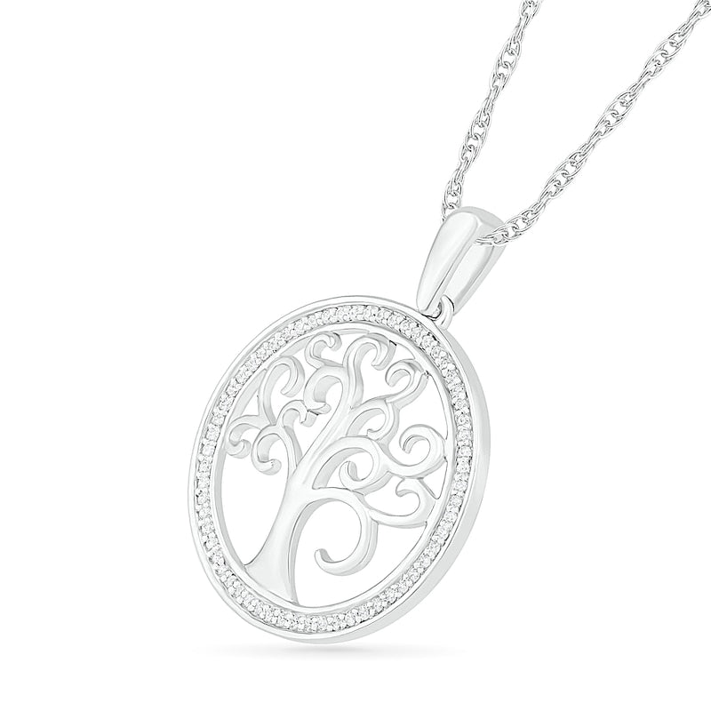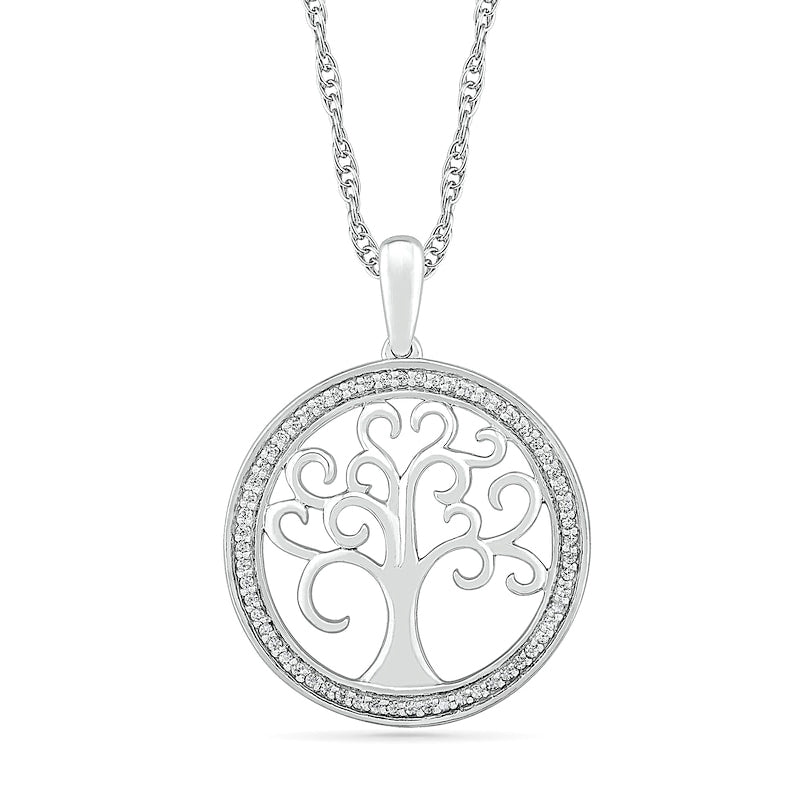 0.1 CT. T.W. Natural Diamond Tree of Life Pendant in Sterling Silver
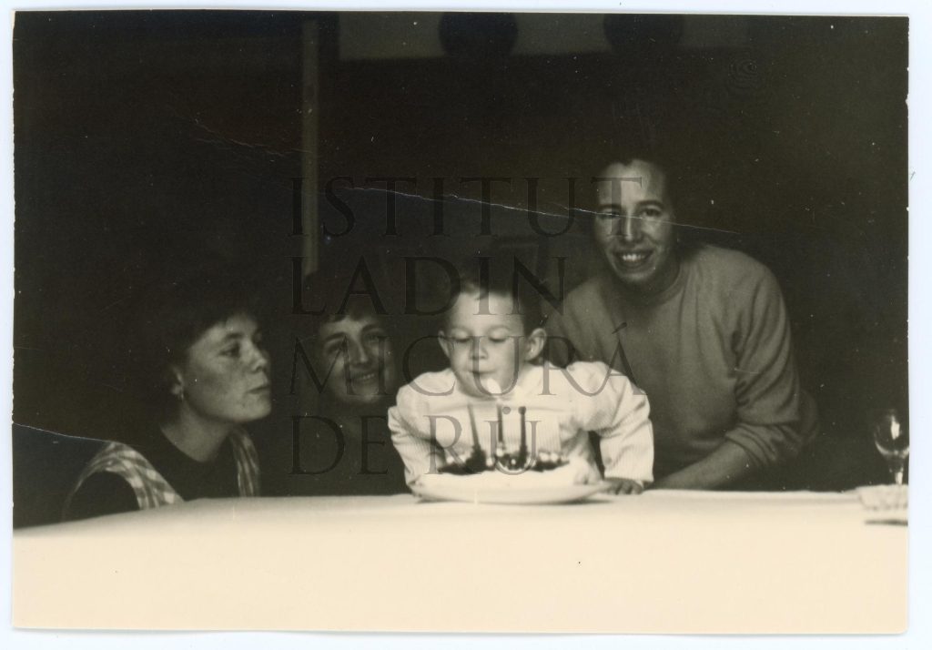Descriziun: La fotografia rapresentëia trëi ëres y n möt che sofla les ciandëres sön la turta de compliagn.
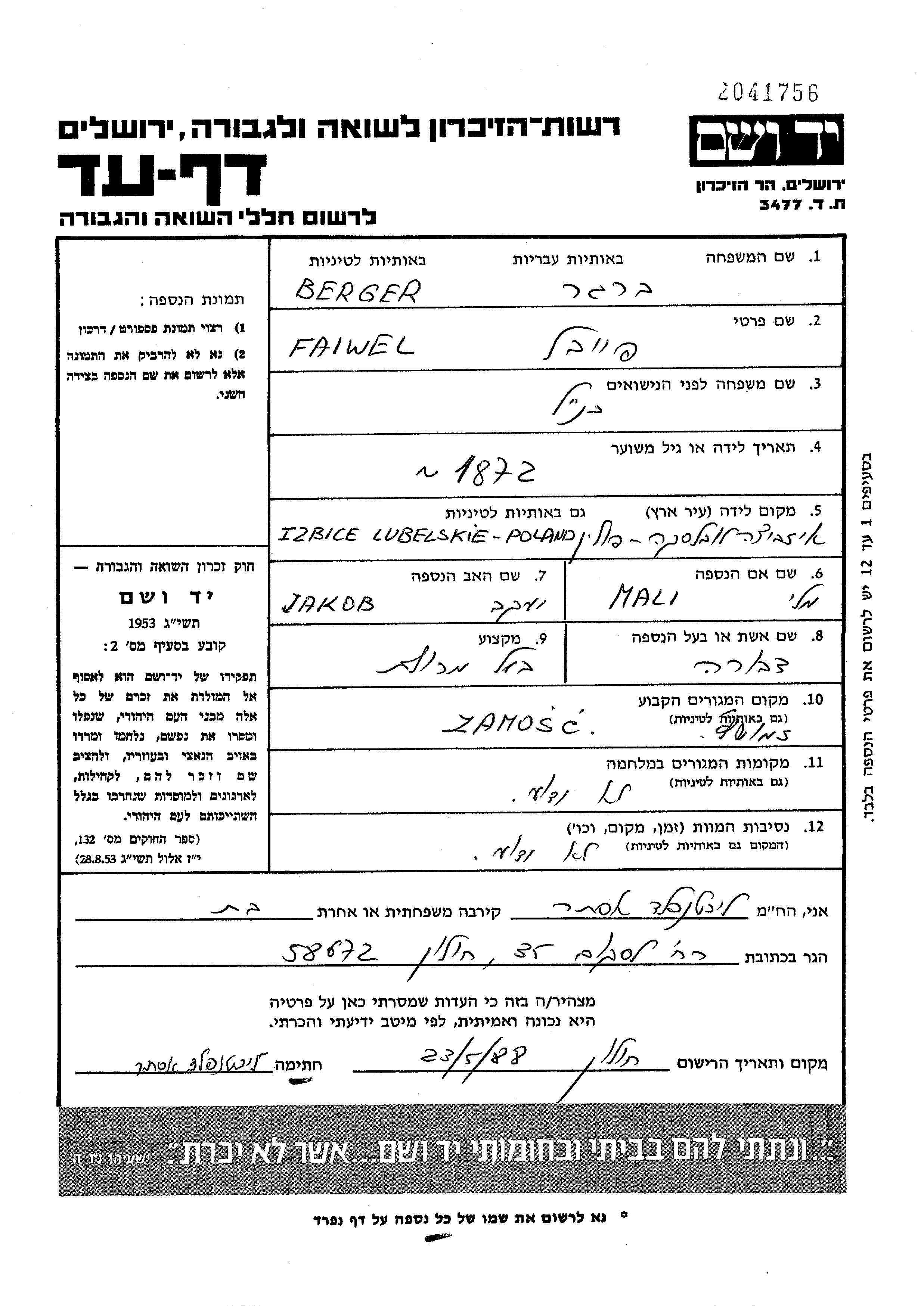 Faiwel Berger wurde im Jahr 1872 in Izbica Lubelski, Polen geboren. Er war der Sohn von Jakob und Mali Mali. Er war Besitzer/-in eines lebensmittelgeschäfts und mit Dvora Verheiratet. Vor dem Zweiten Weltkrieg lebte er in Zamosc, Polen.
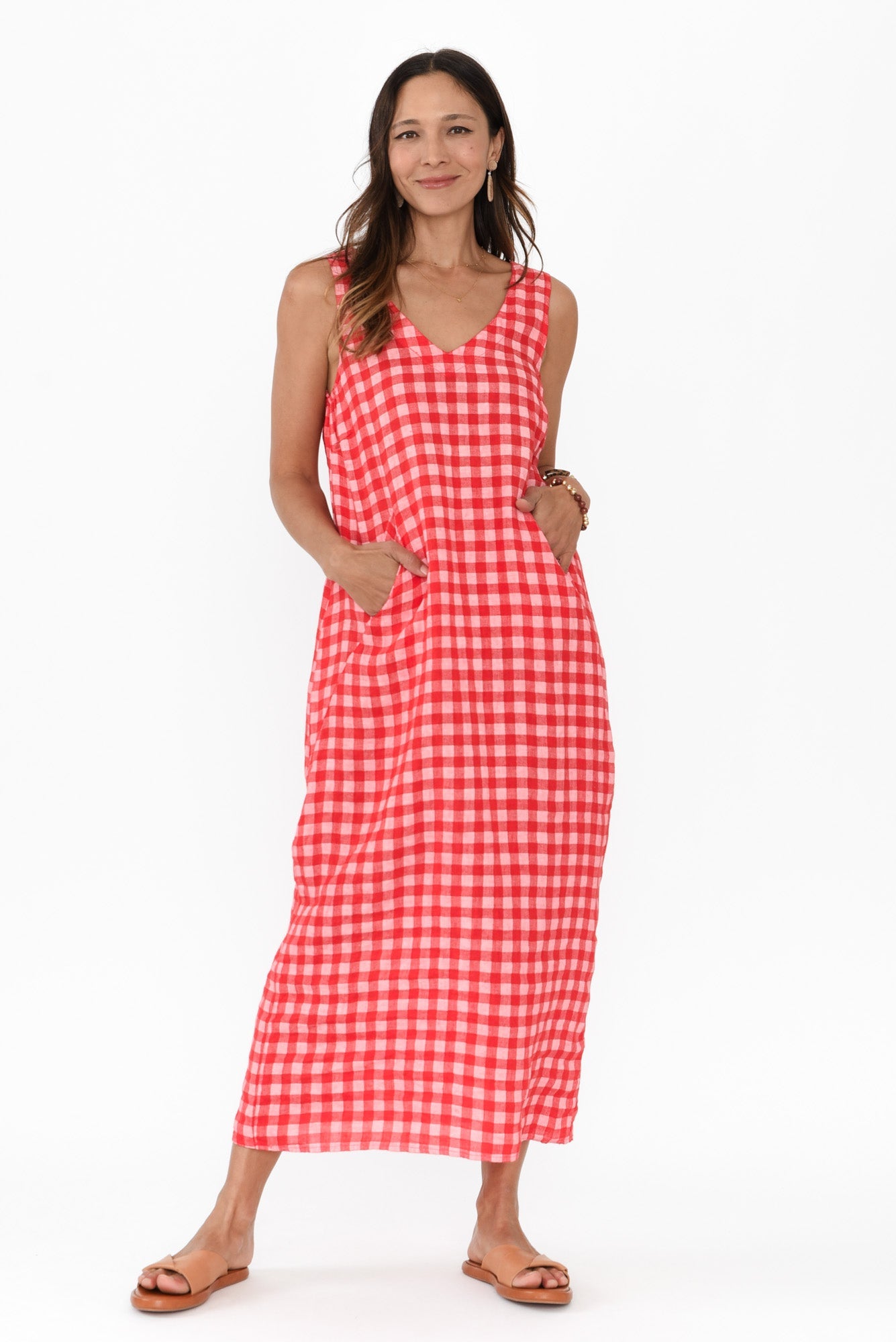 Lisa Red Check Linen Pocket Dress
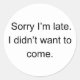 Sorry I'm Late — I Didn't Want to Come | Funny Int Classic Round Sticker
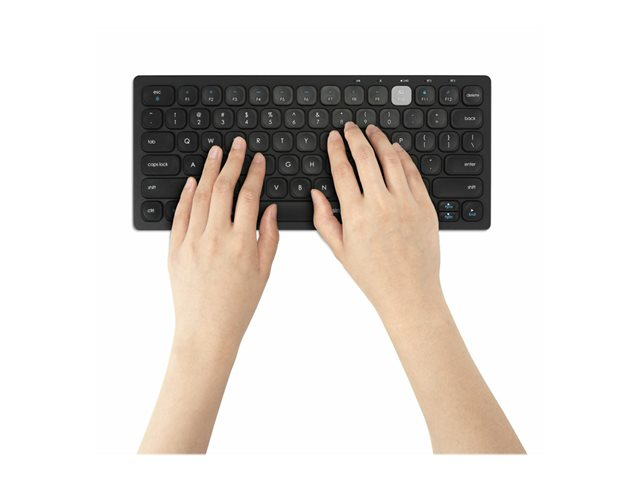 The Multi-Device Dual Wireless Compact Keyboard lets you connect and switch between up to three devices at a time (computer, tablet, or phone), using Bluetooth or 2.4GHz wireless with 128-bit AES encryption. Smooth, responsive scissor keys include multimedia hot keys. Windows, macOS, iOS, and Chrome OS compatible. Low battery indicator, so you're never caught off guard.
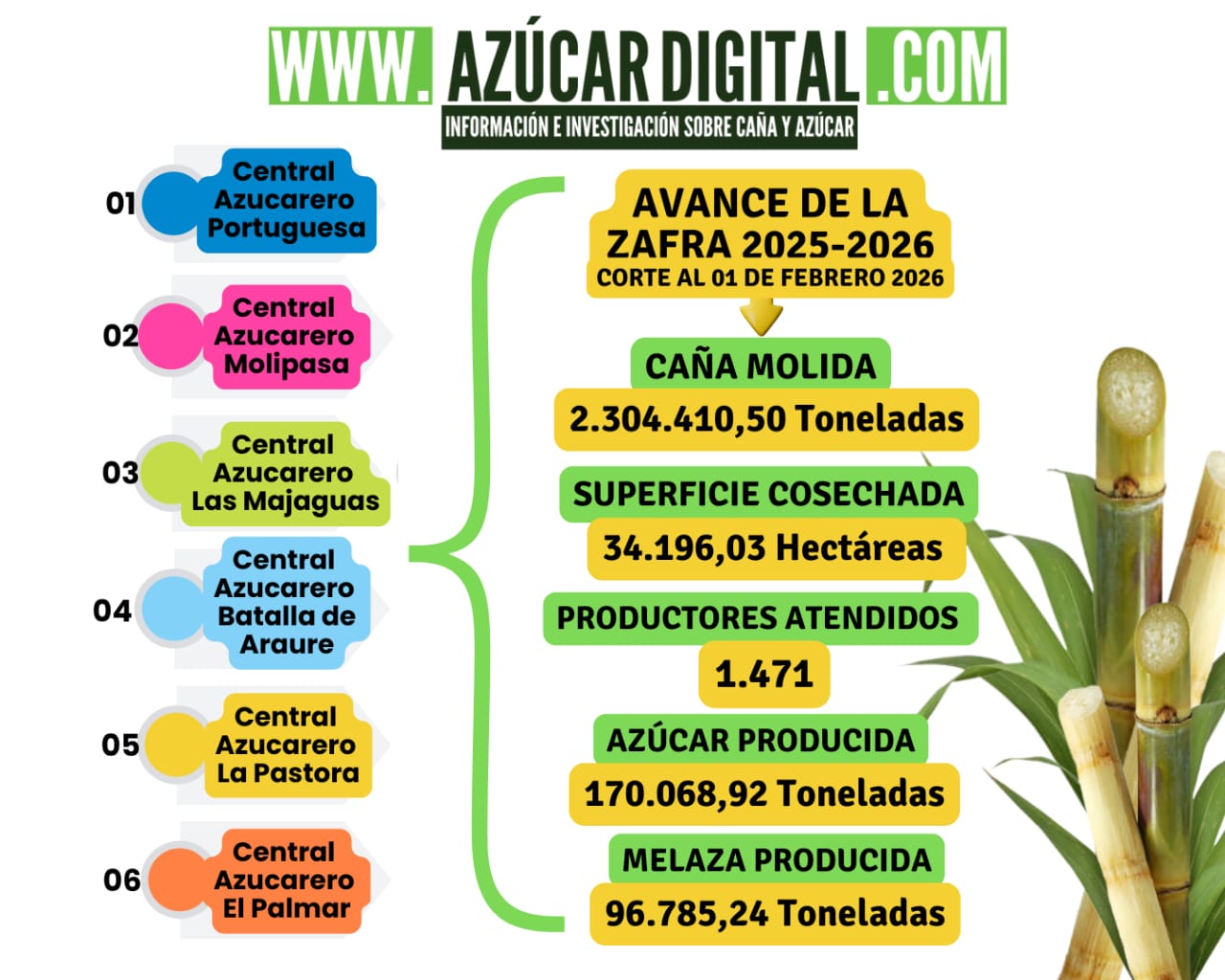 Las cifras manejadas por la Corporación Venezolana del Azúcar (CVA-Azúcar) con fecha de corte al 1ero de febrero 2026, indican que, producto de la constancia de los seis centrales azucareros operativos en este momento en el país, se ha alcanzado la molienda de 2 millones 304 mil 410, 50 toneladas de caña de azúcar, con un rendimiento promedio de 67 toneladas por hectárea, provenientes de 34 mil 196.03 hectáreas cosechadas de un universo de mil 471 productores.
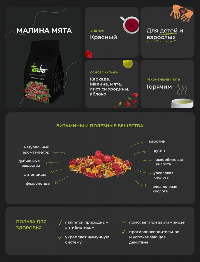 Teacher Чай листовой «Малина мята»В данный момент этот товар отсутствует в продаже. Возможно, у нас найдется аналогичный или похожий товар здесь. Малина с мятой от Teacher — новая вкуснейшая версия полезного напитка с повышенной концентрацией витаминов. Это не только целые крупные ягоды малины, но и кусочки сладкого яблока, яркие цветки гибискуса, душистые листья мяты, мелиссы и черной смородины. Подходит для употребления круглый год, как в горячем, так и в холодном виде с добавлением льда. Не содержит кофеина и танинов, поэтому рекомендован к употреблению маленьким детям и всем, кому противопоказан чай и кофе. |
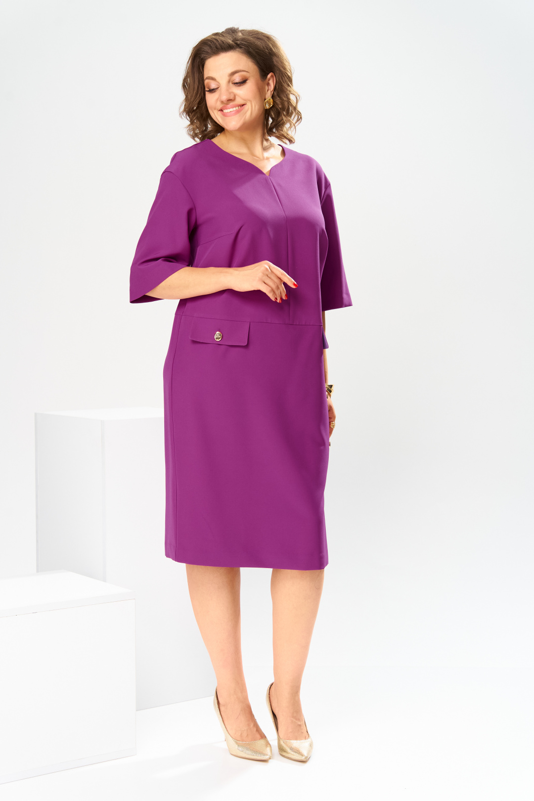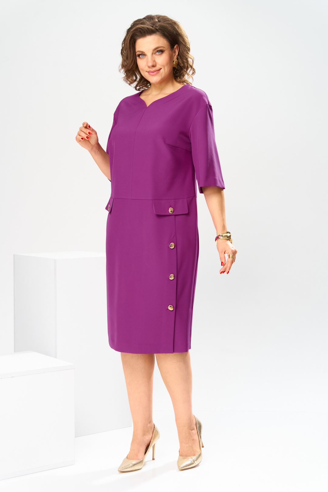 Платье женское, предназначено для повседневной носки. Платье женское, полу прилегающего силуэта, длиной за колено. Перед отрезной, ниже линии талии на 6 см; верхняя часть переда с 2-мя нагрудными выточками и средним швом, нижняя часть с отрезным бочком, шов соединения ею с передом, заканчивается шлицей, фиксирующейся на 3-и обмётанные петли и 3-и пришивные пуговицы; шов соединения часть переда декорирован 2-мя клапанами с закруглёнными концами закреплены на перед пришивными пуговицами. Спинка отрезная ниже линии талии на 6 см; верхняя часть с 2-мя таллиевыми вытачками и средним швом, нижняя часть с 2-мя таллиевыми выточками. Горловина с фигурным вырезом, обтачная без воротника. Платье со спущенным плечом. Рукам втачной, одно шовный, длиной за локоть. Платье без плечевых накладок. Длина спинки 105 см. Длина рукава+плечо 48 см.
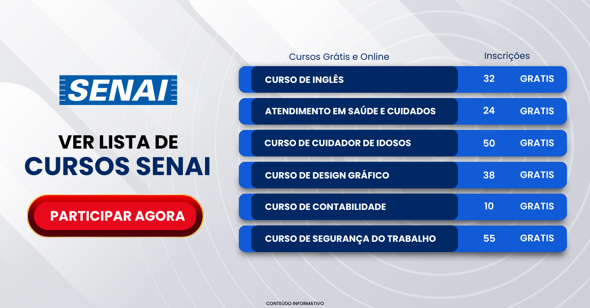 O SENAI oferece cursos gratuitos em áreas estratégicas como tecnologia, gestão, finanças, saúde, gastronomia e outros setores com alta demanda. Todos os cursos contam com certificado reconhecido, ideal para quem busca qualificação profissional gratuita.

TASK INSTRUCTIONS: Retype the records above word for word, from their first line through the line containing "Lisa Red Check Linen Pocket Dress", and leave out every picture.

REPLY:
 0.1 CT. T.W. Natural Diamond Tree of Life Pendant in Sterling Silver
Descriziun: La fotografia rapresentëia trëi ëres y n möt che sofla les ciandëres sön la turta de compliagn.
 Faiwel Berger wurde im Jahr 1872 in Izbica Lubelski, Polen geboren. Er war der Sohn von Jakob und Mali Mali. Er war Besitzer/-in eines lebensmittelgeschäfts und mit Dvora Verheiratet. Vor dem Zweiten Weltkrieg lebte er in Zamosc, Polen.
 Lisa Red Check Linen Pocket Dress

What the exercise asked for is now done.